The objective of leader election is to provide one item (a process, host, thread, object, or human) specific powers in a distributed system. These specific abilities could include the capacity to delegate tasks, the ability to edit data, or even the responsibility for managing all system requests.
The election of a new leader is a powerful instrument for increasing efficiency, minimizing coordination, simplifying architectures, and lowering activities. Leader election, on the other hand, may generate additional failure modes and scale obstacles. Furthermore, leader election may make evaluating the validity of a system more challenging.

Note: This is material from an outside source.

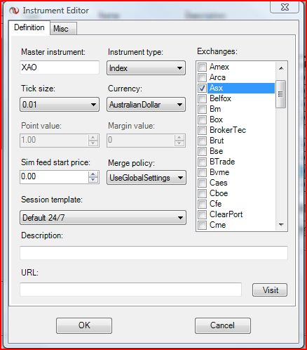 The other thing to report is when Importing a brand new list successfully, and choose the correct settings for currency, exchange and session template (which you may have made a ASX session template with the correct times) and you then go to the instrument manager, and choose to click and view or Edit the stock, it then chooses or displays the Wrong Session Template, as well as the default still being ticked, which to me is a bug or is wrong, it should have displayed properties of what I imported the list set to, not defaults.

The goal of the leader election is to select a processor who will coordinate the system’s actions. A leader is usually chosen based on a criterion, such as selecting the processor with the greatest identifier as the leader in any leader election procedure. The processors attain their terminated states when the leader is chosen. In a leader election algorithm, the terminated states are divided into elected and non-elected states. When a processor enters a non-elected state (or an elected state), it remains in that state at all times (or an elected state). The safety and liveness conditions for a leader election algorithm must be met.
When considering whether or not a leader election is appropriate, there are three scenarios to consider.
When each node is roughly the same, and there isn’t a clear contender for a permanently assigned leader, the first circumstance arises. This means that any node can be voted as the system’s leader, and there is no single point of failure.
The second scenario occurs when the cluster is performing a very complex activity that requires close collaboration. Coordination can refer to various things, including deciding how the work will be divided, assigning work to certain nodes, and combining work outcomes from various nodes.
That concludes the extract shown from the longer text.